When working with a normalized cache, it is recommended that you specify a cache ID for each object type in your schema. If you don't, objects are assigned a default cache ID, but that ID can lead to undesirable duplication of data.

The normalized cache computes a cache key for each object that is stored in the cache. With Apollo iOS, you can customize the computation of cache keys to improve the performance and capabilities of your cache.

To learn more, read about how the cache normalizes objects by cache key.

CacheKeyInfo

The information needed to construct a cache key is represented by a CacheKeyInfo value. This struct consists of two properties you can provide to affect how a cache key is computed:

  1. let uniqueKeyGroup: String?

    An optional group identifier for a set of objects that should be grouped together in the normalized cache. This is used as the first component of the cache key.

    Important: Cache key group uniqueness

    All objects with the same uniqueKeyGroup must have unique ids across all types.

    To prevent cache key collisions, cache keys will always have a group identifier component. When the uniqueKeyGroup is nil (the default value), to __typename of the response object is used as the group identifier by default.

    If multiple distinct types can be grouped together in the cache, the CacheKeyInfo for each Object should have the same uniqueKeyGroup.

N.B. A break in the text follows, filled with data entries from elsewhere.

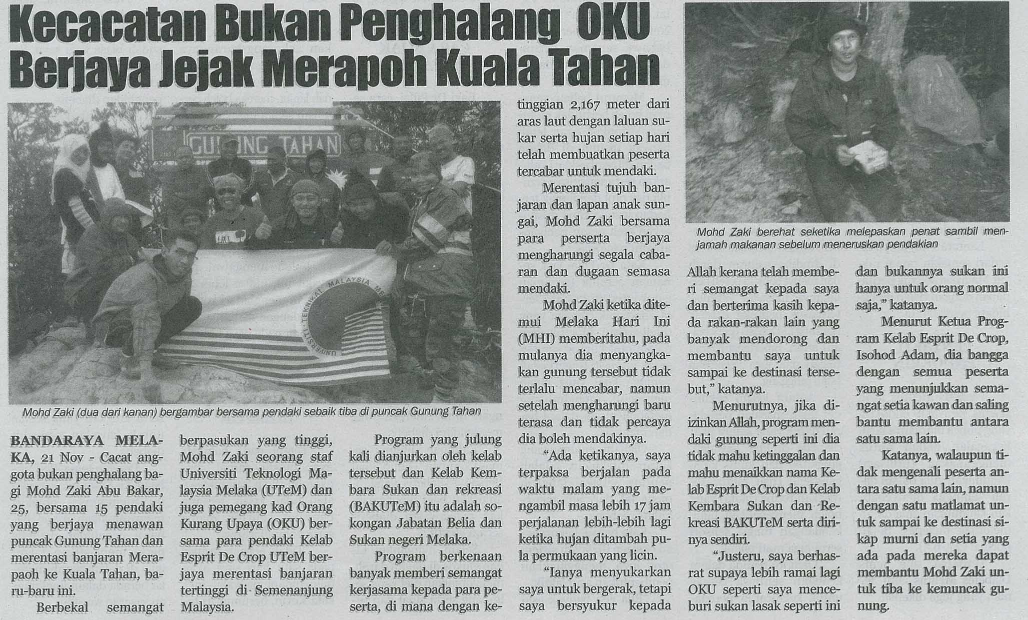 Kecacatan Bukan Penghalang OKU Berjaya Jejak Merapoh Kuala Tahan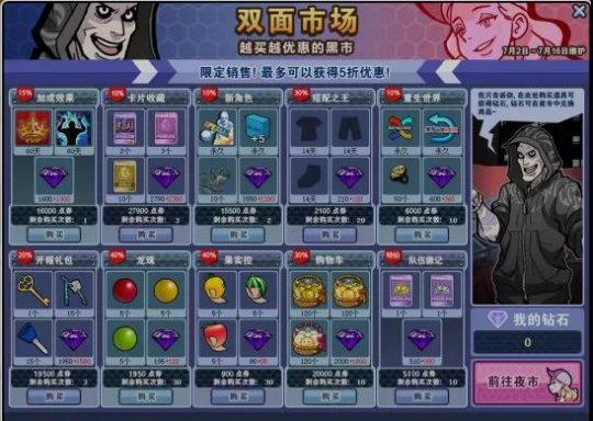 花费点券时可得到 花费金额10%的钻石,钻石可在“夜市”中换取产品。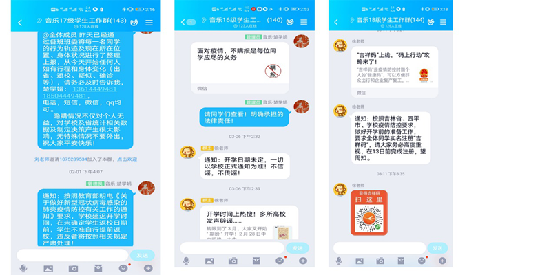 学生事务千万条,管理责任第一条。疫情发生以来,我院学生分布在全国各地,为能准确快速传达上级文件精神,辅导员老师与学生建立一对一对接,将排查和联络工作时刻抓在手里。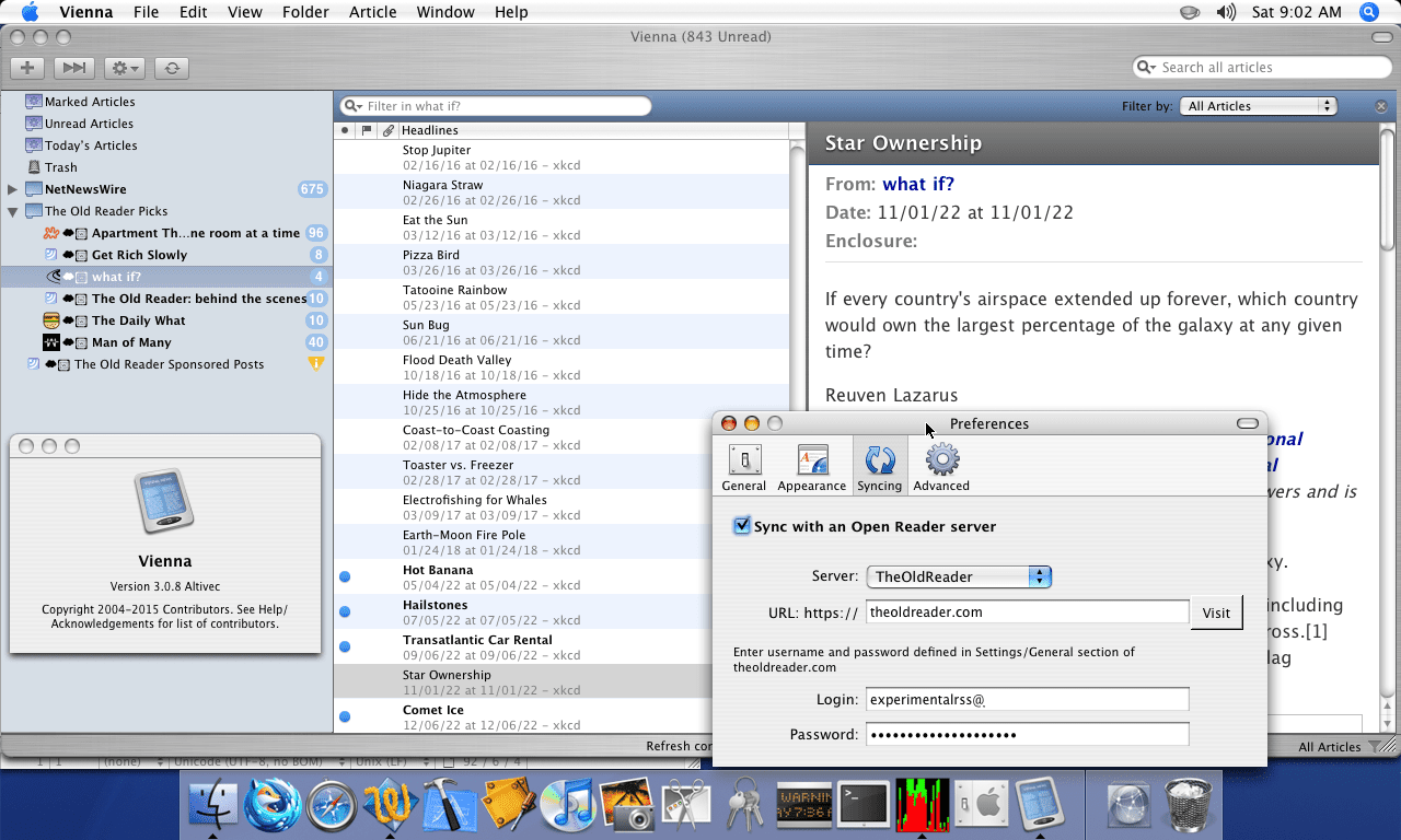 However, I could not find an RSS reader for Leopard or Tiger that syncs with The Old Reader... For example Vienna exists for Tiger and Leopard but that version does not sync with any services.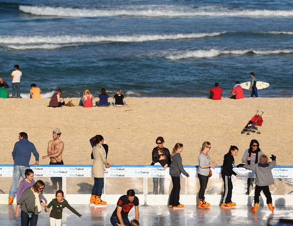 Last winter a rink was set up for the first time on Bondi beach – yes, actually on the beach!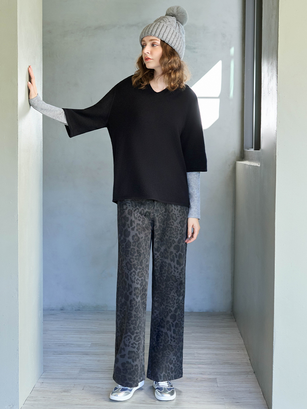 低調中帶有個性魅力的霧面豹紋元素, 與暗紋條紋印花, 搭配彈性組織面料, 兼具舒適與時尚。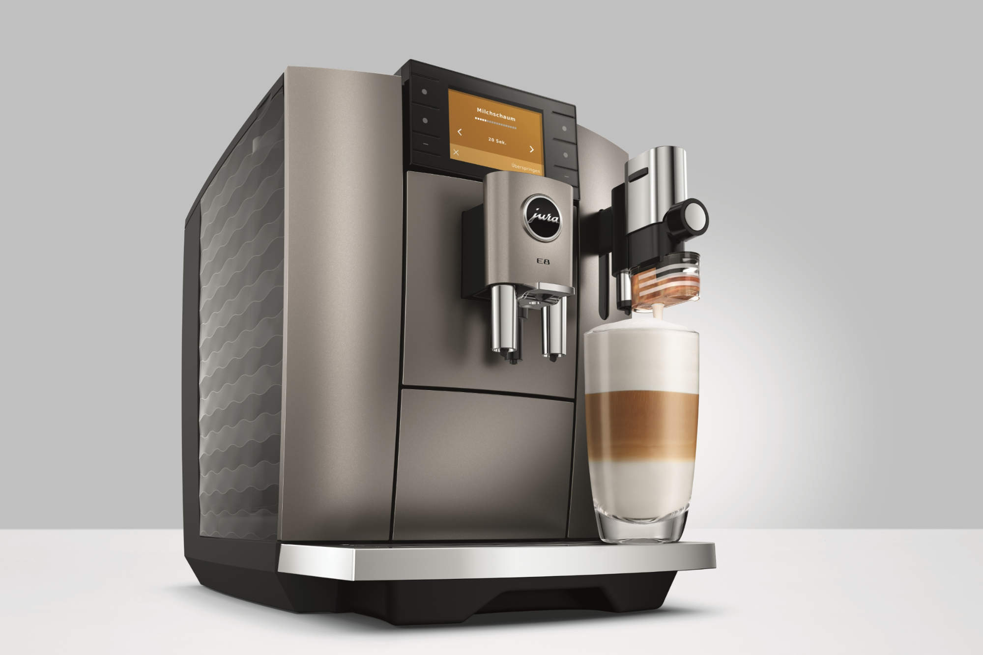 E8 (5. Generation): Weiterentwicklung des meistverkauften JURA-Modells. Unterstützte drei Genusswelten mit 27 Spezialitäten. Neue Funktionen wie der Coffee Timer und der Quality Assistant erhöhten den Bedienkomfort und erleichterten die Pflege. UVP: 1.249 Euro
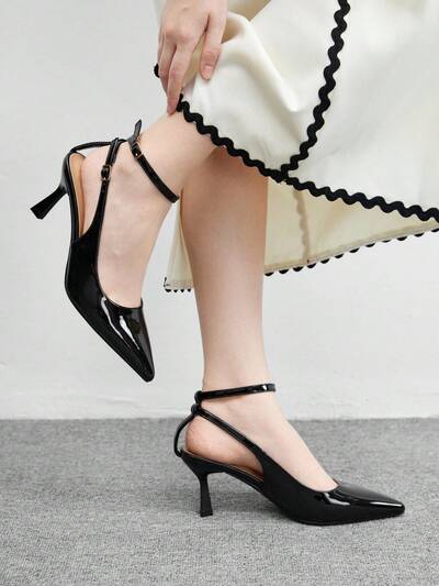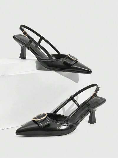 CUCCOO SZL 25 Spring/Summer New Design Pointed Toe Buckle Mid-Heel Romantic Elegant Chic Minimalist Sexy Black High Heel Sandals, Open Toe Dress Shoes For Date, Afternoon Tea, Party, Valentine's Day, Graceful Outfit Valentine's Day

    Tip: By grouping objects together, their keys in the normalized cache will have the same prefix. This allows you to search for cached objects in the same group by their cache id. To learn more, read about direct cache access

  2. let id: String

    The unique cache ID representing the object. This is used as the second component of the cache key.

    Important: Cache ID uniqueness

    The ID must be deterministic and unique for all objects with the same group identifier (__typename or uniqueKeyGroup).

    That is, the key will be the same every time for a response object representing the same entity in the cache and the same key will never be used for reponse objects representing different objects that also have the same group identifier.

The normalized cache constructs cache keys with the format:

"${GroupIdentifier}:${CacheID}"

Given a CacheKeyInfo:

CacheKeyInfo(id: "123", uniqueKeyGroup: "Animal")

Apollo iOS would construct a cache key of "Animal:123".

The SchemaConfiguration file

The SchemaConfiguration file is your entry point to configuring cache keys for the types in your schema.

When Apollo iOS generates code for your project, it will generate a set of metadata types representing the GraphQL schema for your application. One of these files is named SchemaConfiguration.swift.

The code generation engine creates this file if it doesn't exist yet, but never overwrites an existing SchemaConfiguration.swift file. This means you can edit your schema configuration without those changes being overwritten on subsequent code generation runs.

Tip: You can configure the location of the generated schema types with the output.schemaTypes option in your code generation configuration.

Specifying cache IDs

The SchemaConfiguration contains a cacheKeyInfo(for type:object:) function. This function provides you a JSON response object and the concrete type of the object represented by the response.

The object parameter provides a JSON response from either a network request or a cache hit.

The type parameter provides a strongly typed Object type. This is a generated metadata type representing a concrete type in your GraphQL schema.

To configure how cache keys are computed from a response object, you can create and return CacheKeyInfo values from your implementation of cacheKeyInfo(for:object:).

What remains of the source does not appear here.